Your answer must be a word-for-word copy of the listing, with all pictures excluded.

▸ Data
────────────────

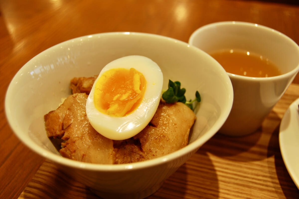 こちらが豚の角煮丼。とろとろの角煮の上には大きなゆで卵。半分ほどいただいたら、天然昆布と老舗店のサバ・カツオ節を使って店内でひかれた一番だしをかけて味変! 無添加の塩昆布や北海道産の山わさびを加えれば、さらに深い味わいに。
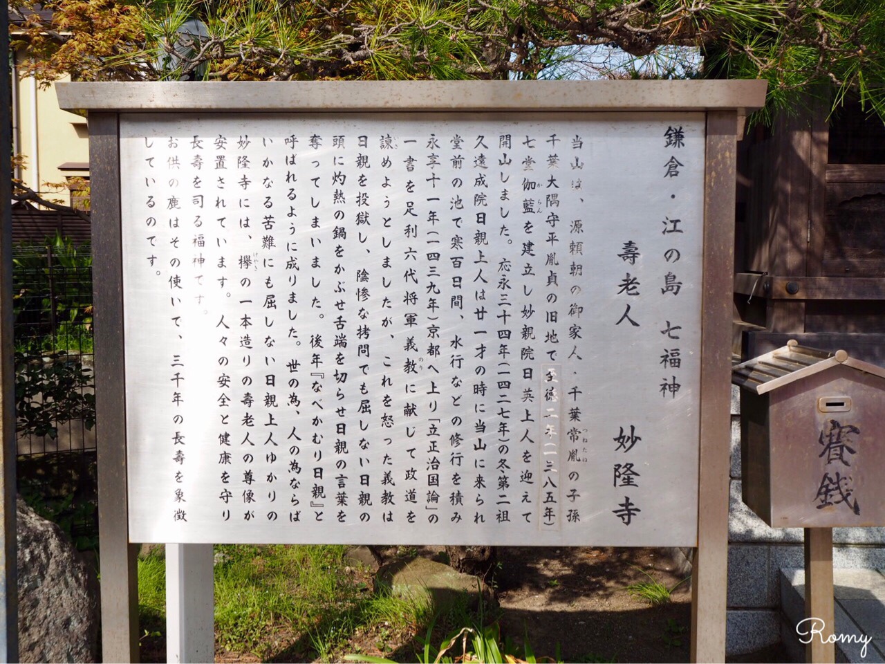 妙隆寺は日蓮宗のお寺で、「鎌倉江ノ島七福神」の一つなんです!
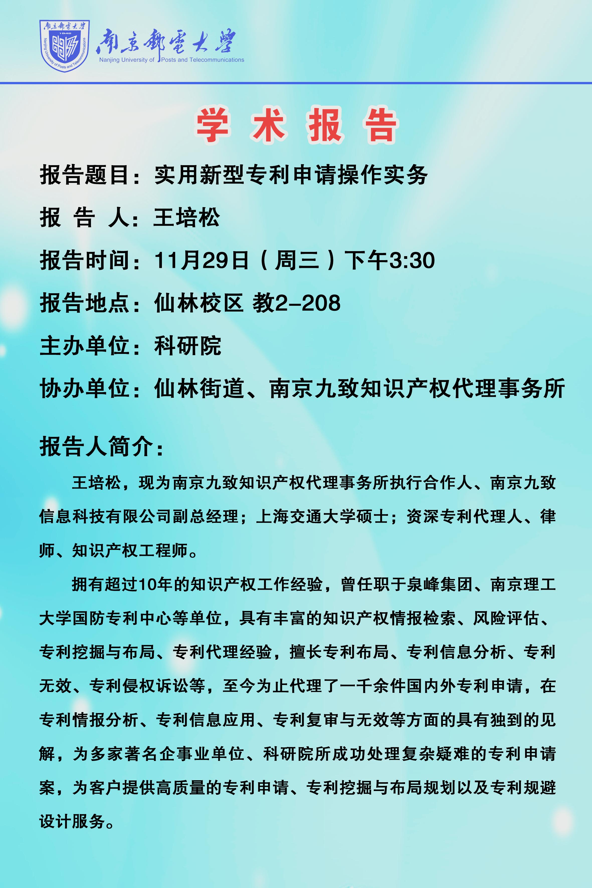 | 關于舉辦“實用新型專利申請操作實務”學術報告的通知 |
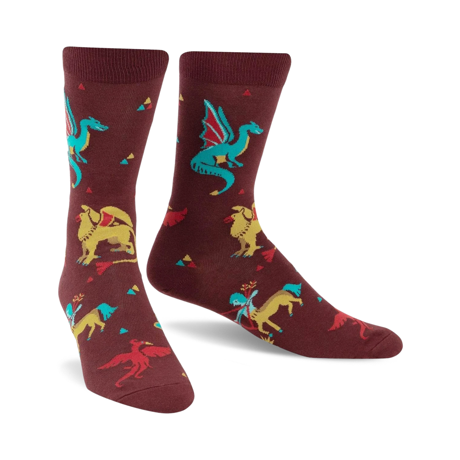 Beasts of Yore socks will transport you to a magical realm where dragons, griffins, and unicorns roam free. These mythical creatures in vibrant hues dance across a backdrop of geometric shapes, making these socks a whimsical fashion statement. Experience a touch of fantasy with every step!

────────────────

▸ Response area
 こちらが豚の角煮丼。とろとろの角煮の上には大きなゆで卵。半分ほどいただいたら、天然昆布と老舗店のサバ・カツオ節を使って店内でひかれた一番だしをかけて味変! 無添加の塩昆布や北海道産の山わさびを加えれば、さらに深い味わいに。
 妙隆寺は日蓮宗のお寺で、「鎌倉江ノ島七福神」の一つなんです!
 | 關于舉辦“實用新型專利申請操作實務”學術報告的通知 |
 Beasts of Yore socks will transport you to a magical realm where dragons, griffins, and unicorns roam free. These mythical creatures in vibrant hues dance across a backdrop of geometric shapes, making these socks a whimsical fashion statement. Experience a touch of fantasy with every step!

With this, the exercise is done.